**AIM OF THE TASK**
Would you repeat the listing below verbatim and drop the images?

**DATA EXCERPTS**
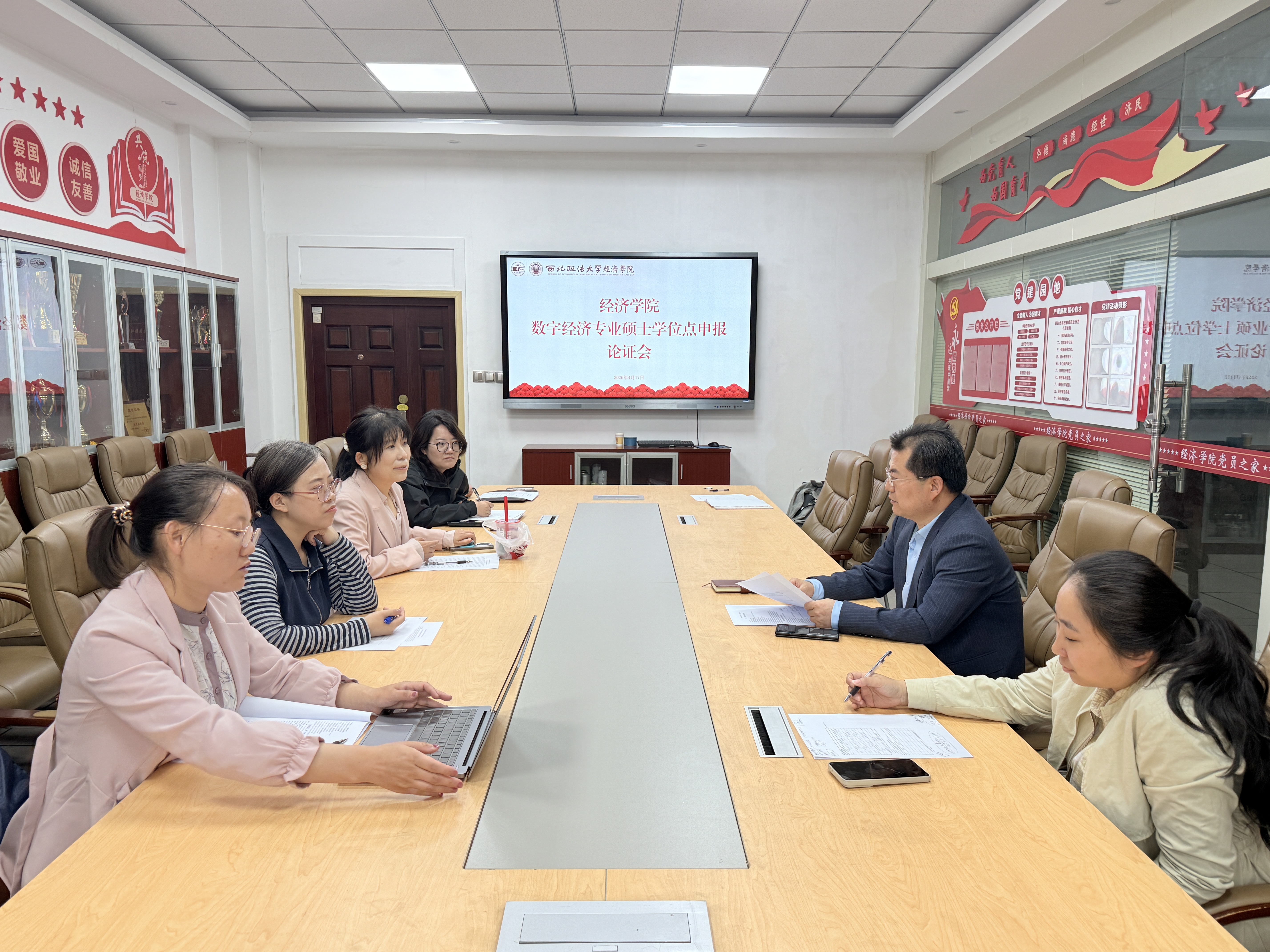 2026年4月17日,bat365在线平台官方网站在关天会议室组织召开数字经济专业硕士学位点申报推进会,王胜利院长主持会议,学院数字经济专硕建设团队全体成员参会。
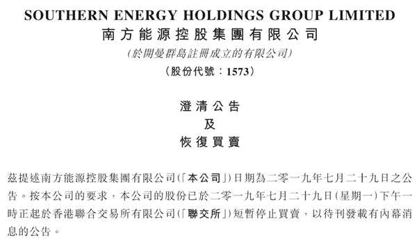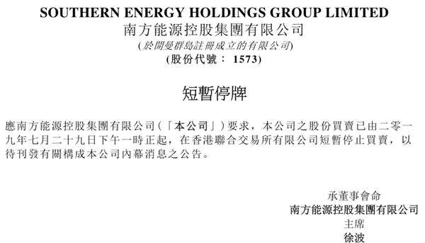 7月29日當(dāng)天下午一點(diǎn),南方能源緊急申請停牌,停牌前收跌2.21%,報(bào)9.73港元。
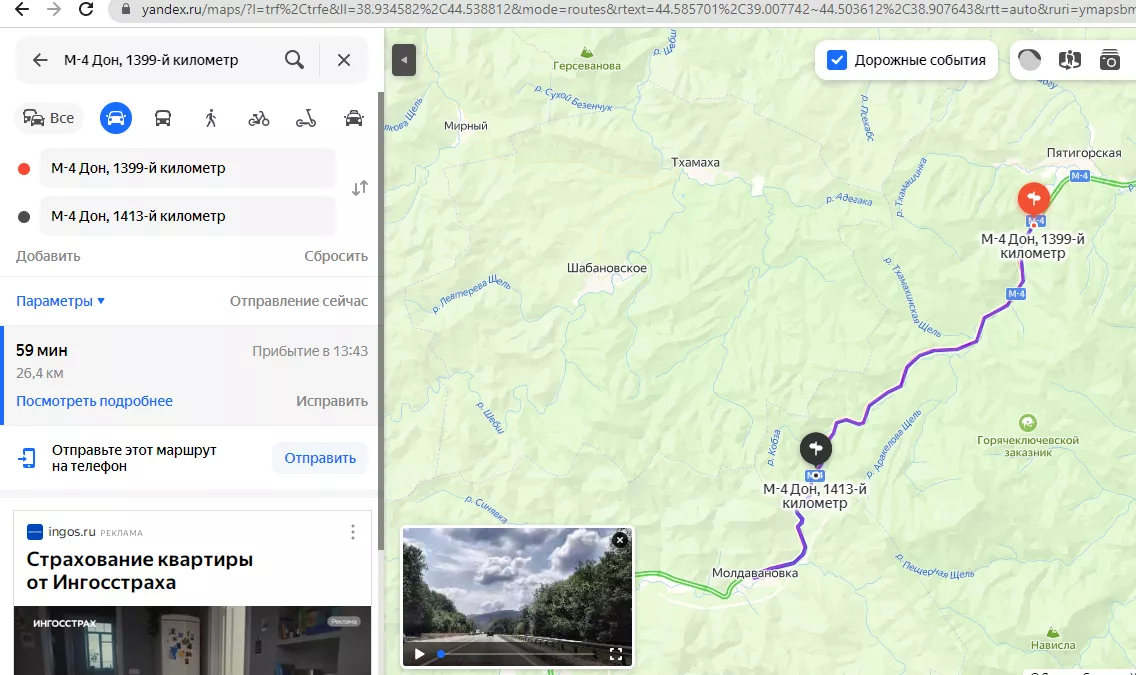 На преодоление расстояния от станицы Пятигорской почти до села Молдовановка, согласно сервису «Яндекс Карты», у водителей уйдет около 60 минут.
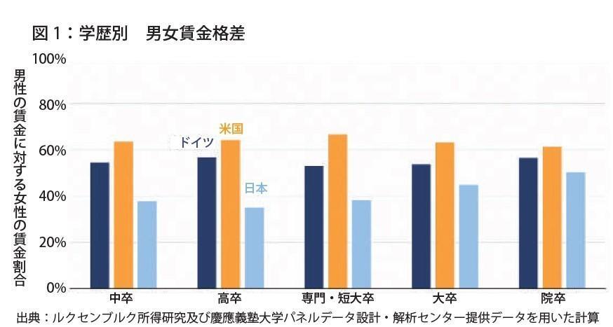 図1は、ブルッキングス研究所が各国家計調査などをベースとしたルクセンブルク所得研究(LSI)のデータ(2004-2018年)を用いて年収と学歴の関係を調べたものである。日米独3カ国とも男女間の賃金はかなりの格差があり、全ての学歴について平均的な女性の賃金は平均的な男性の賃金の7割以下となっている。日本は男女格差が3カ国中最も著しく、男性の賃金に対する女性の賃金割合は、中卒、高卒、短大・専門卒いずれも40%に届かず高卒は最も低い35%となっている。大卒ですら男性の半分に届かず、院卒でようやく50%程度であり、米国がいずれの学歴においても60%を超えているのとは対照的である。
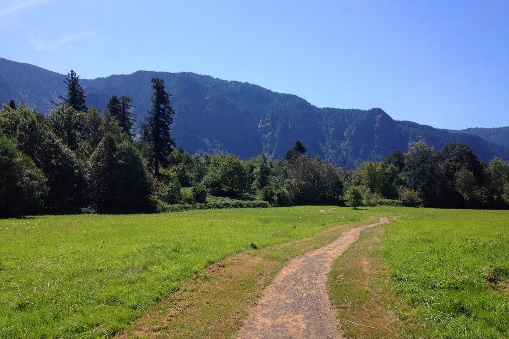 You'll find an old, moss-encrusted bench near the river and a picnic table that's in much better shape. As you hike along the floodplain, views of the mighty Columbia River and the Oregon side of the Gorge open up. Eventually loop back around and find yourself back at your car.
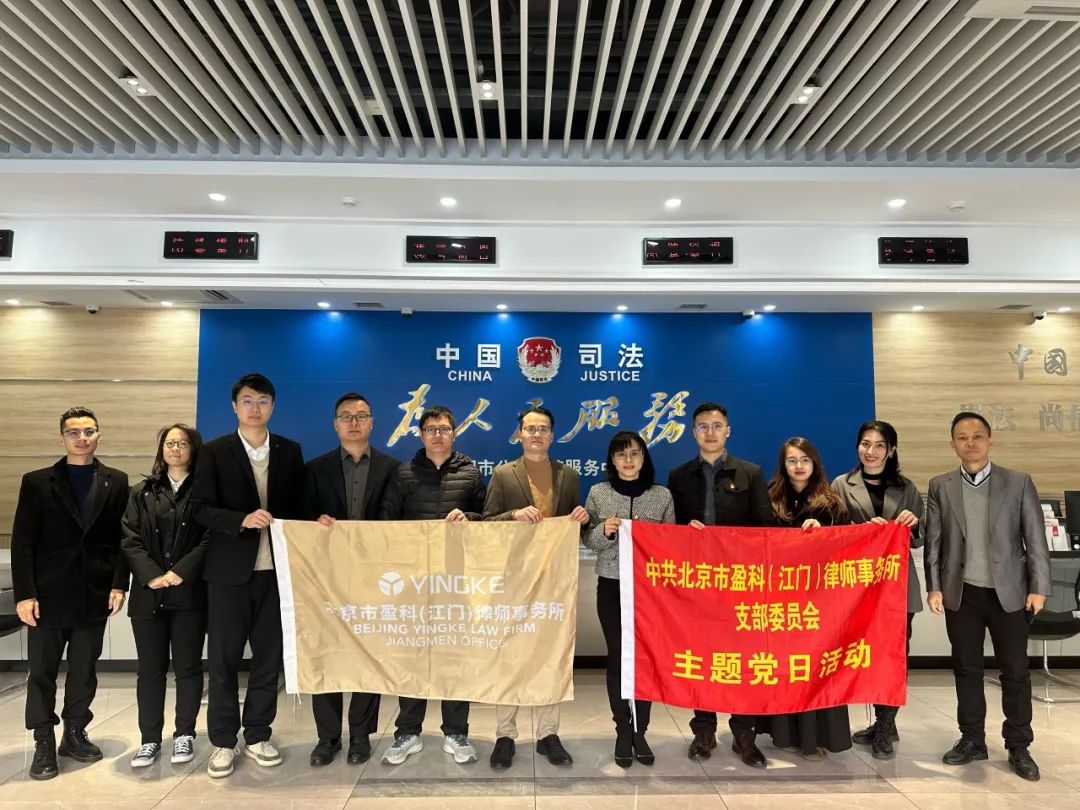 (图为北京市盈科(江门)律师事务所开展义务法律咨询活动人员合照)
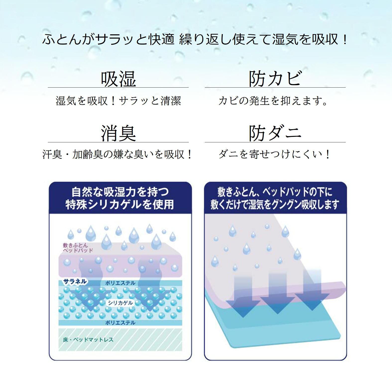 敷き布団、ベッドパッドの下に敷くだけでシリカゲルが、湿気やイヤなニオイをグングン吸収します。
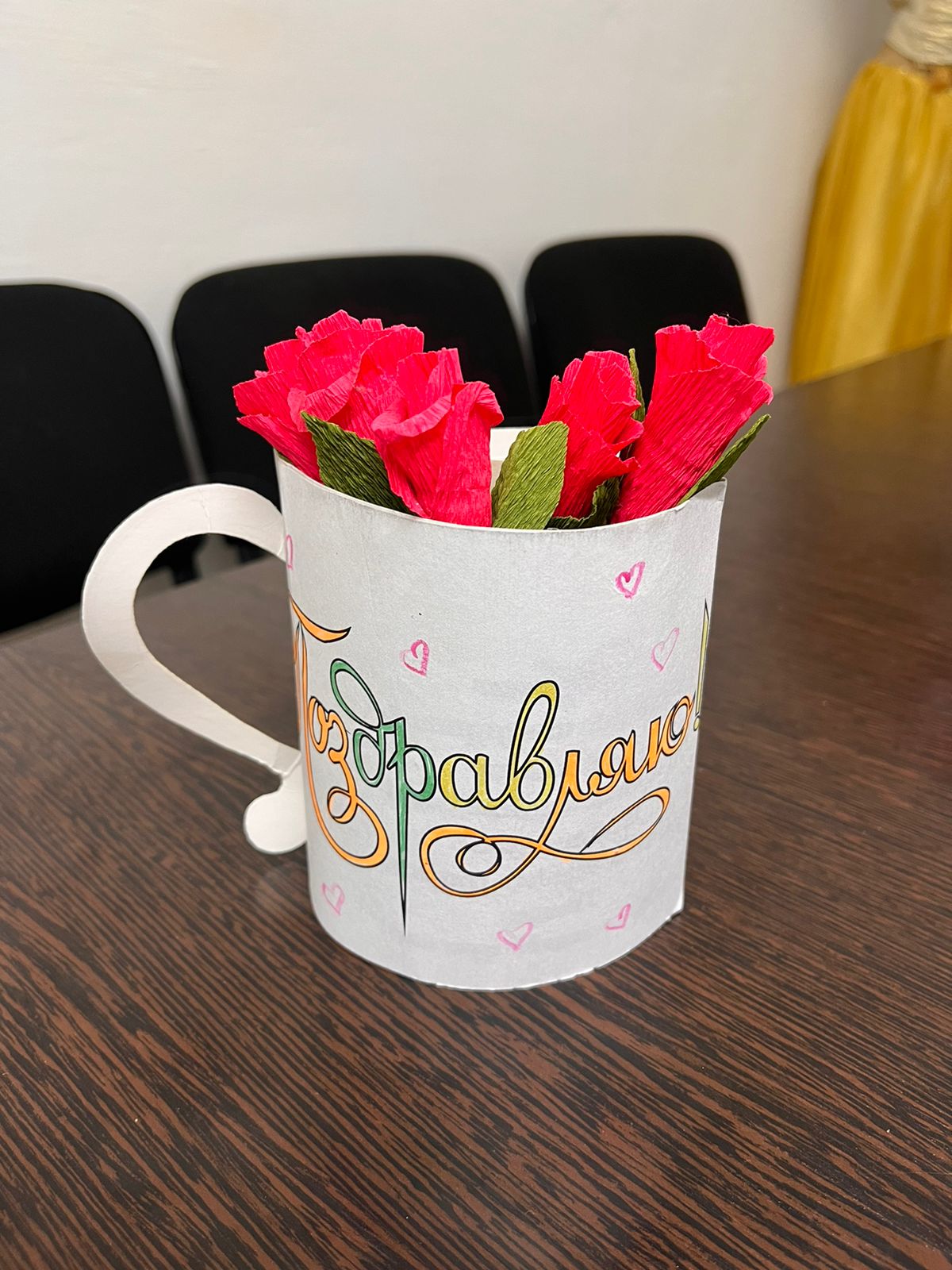 С самого начала занятия ребята окунулись в творческий процесс. Они старательно и аккуратно вырезали и приклеивали каждый элемент изготовляемой ими открытки и оставили теплые поздравления для своих любимых учителей.

**SOLUTION BELOW**
 2026年4月17日,bat365在线平台官方网站在关天会议室组织召开数字经济专业硕士学位点申报推进会,王胜利院长主持会议,学院数字经济专硕建设团队全体成员参会。
 7月29日當(dāng)天下午一點(diǎn),南方能源緊急申請停牌,停牌前收跌2.21%,報(bào)9.73港元。
 На преодоление расстояния от станицы Пятигорской почти до села Молдовановка, согласно сервису «Яндекс Карты», у водителей уйдет около 60 минут.
 図1は、ブルッキングス研究所が各国家計調査などをベースとしたルクセンブルク所得研究(LSI)のデータ(2004-2018年)を用いて年収と学歴の関係を調べたものである。日米独3カ国とも男女間の賃金はかなりの格差があり、全ての学歴について平均的な女性の賃金は平均的な男性の賃金の7割以下となっている。日本は男女格差が3カ国中最も著しく、男性の賃金に対する女性の賃金割合は、中卒、高卒、短大・専門卒いずれも40%に届かず高卒は最も低い35%となっている。大卒ですら男性の半分に届かず、院卒でようやく50%程度であり、米国がいずれの学歴においても60%を超えているのとは対照的である。
 You'll find an old, moss-encrusted bench near the river and a picnic table that's in much better shape. As you hike along the floodplain, views of the mighty Columbia River and the Oregon side of the Gorge open up. Eventually loop back around and find yourself back at your car.
 (图为北京市盈科(江门)律师事务所开展义务法律咨询活动人员合照)
 敷き布団、ベッドパッドの下に敷くだけでシリカゲルが、湿気やイヤなニオイをグングン吸収します。
 С самого начала занятия ребята окунулись в творческий процесс. Они старательно и аккуратно вырезали и приклеивали каждый элемент изготовляемой ими открытки и оставили теплые поздравления для своих любимых учителей.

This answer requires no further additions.